Electronic sports and entertainment company Faze Clan recently went through a $725 million SPAC merger with B. Riley Principal 150 Merger Corp. went public — a move that gave the company the flexibility to raise capital at an uncertain time for the economy and SPACs at large.
The bustling company was once a gaming clan that garnered attention through YouTube, releasing clips and highlight reels from games in the Call of Duty video game franchise. Now, some 12 years later, this clan has grown into a multi-million dollar digital entertainment company with millions of followers, brand partnerships, and a board of directors that includes Snoop Dogg and Daniel Shribman, Chief Investment Officer of B. Riley Financial. belong.
The company’s shares are listed on the Nasdaq exchange under the ticker symbol “FAZE” and were trading at $12.53 per share on August 3.
Faze Clan CEO Lee Trink told Business Journal that it is important for the company to go public on July 20 with a SPAC, or special purpose vehicle, to educate the public about what the Faze is about -Clan is and what future growth potential does Faze Clan have brand and noted that the native Gen Z gaming industry is fairly new to the market.
The IPO comes at a time when, according to filings with the Securities and Exchange Commission, the company has suffered and expects to continue to suffer operating losses since incorporation. On March 31, Faze had an accumulated deficit of $122 million, up $10 million from the previous quarter.
Tobias Seck, an analyst at Sports Business Journal and The Esports Observer, told the Los Angeles Business Journal that the company’s merger prospectus filing revealed it was running out of cash due to a high burn rate.
“Against this backdrop, going public with a SPAC merger offered the most likely solution to successfully raise the required capital, as an IPO typically takes longer and involves an increased risk of missing price targets,” Seck wrote in an E- Mail.
Seck added that no esports organization has been able to raise a private investment that adds as much capital as Faze — around $110 million. He compared Faze’s private investment to that of gaming organization and lifestyle brand 100 Thieves, which raised one of the largest private investments last year at $60 million. “Furthermore, FaZe leadership and its advisors have been able to manage the major downsides of a SPAC merger, including shareholder dilution and stock redemptions,” Seck wrote.
In addition to 100 Thieves, Faze works with other esports companies also based in Los Angeles, including TSM FTX, Team Liquid, and Cloud9. The organizations did not list their companies on the stock market, but raised millions through financing rounds and sponsorships.
For example, TSM FTX has inked a $210 million 10-year naming rights deal split with FTX Trading Limited and West Realm Shires Services Inc., the owners and operators of cryptocurrency exchange FTX. Forbes in May estimated that the TSM FTX is worth $540 million, up 32% from 2020.
Faze is the first esports and gaming company to be listed on the Nasdaq. However, according to Seck, the public listing isn’t necessarily an indication that similar companies will follow suit.
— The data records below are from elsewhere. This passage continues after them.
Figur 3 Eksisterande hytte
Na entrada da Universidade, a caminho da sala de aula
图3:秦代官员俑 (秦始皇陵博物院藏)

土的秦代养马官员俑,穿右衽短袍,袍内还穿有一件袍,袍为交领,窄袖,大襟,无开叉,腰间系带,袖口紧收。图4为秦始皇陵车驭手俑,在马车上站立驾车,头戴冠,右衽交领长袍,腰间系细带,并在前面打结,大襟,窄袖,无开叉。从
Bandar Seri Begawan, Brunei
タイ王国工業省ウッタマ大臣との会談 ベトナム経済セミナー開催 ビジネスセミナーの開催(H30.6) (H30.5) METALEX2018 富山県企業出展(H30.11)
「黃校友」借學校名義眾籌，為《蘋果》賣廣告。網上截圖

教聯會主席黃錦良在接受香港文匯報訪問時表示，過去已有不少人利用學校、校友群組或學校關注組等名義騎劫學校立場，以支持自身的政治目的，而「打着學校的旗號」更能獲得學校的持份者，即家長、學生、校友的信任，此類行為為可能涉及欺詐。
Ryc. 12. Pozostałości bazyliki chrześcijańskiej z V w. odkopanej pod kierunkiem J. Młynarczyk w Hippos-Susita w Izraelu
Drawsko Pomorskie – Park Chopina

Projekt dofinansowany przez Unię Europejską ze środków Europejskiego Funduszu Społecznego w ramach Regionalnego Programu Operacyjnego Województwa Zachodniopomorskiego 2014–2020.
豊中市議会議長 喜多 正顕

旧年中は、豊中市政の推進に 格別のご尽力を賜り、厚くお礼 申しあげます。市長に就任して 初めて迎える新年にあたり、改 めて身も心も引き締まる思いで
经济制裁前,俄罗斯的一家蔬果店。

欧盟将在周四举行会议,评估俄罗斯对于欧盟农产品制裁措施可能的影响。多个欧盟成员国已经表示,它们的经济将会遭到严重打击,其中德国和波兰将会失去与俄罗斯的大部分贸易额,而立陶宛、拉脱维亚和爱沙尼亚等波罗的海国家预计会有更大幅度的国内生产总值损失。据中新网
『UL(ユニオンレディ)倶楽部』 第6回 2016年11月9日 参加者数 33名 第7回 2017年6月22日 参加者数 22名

“The reasons for a potential increase in esports and gaming companies going public should be the general economic climate where venture capital for high-risk but not yet profitable esports and gaming companies is harder than ever to come by . ‘ Seck wrote, adding that many esports organizations are unlikely to go public due to their ownership structures.
Organizations like 100 Thieves and Team Liquid, owned by aXiomatic Gaming, are run by majority shareholders who prioritize keeping the business privately owned.
Faze said in SEC filings that its stock price is impacted by reach, viewership, content collaborations, deals and commercial partnerships. Faze Clan content creators, operating on sites like Twitch and YouTube, are a significant source of revenue for the company. For the three months ended March 31, one of Faze’s content creators accounted for approximately 27% of the company’s revenue.
According to the company, if it can’t maintain or improve the brand, it may not be able to sell products or services and, as a result, its customer engagement could decline, which could negatively impact its financial condition.
“However, FaZe Clan’s long-term earnings will send the stock both ways,” Seck wrote. “As of now, all signs are pointing to a significant overvaluation of FaZe, as the company previously announced that it does not expect to meet the 2023 and 2024 revenue projections upon which its merger valuation was based.”
According to Seck, Faze has yet to file certain documents with the SEC that will give a better sense of its financial health.
CEO Trink wrote that the company plans to expand the verticals of its platforms and reach new markets and categories as well.
“We are well positioned to expand our platform internationally with half of our fan base network outside of the US. And there are a number of emerging categories that offer the opportunity to unlock more monetization of our massive combined fanbase network of 500 million,” Trink wrote. He adds that Faze plans to become an incubator and accelerator for the next generation of creators and creators to nurture new intellectual property.
Completion of the merger is a major win for Faze, according to Seck, who noted that its planned expansion strategy over the next year or two is supported by the $100 million PIPE deal included in the merger .
“On the other hand, anything other than exceeding projected earnings or securing significant additional investment by issuing new shares could be considered a failure,” Seck added.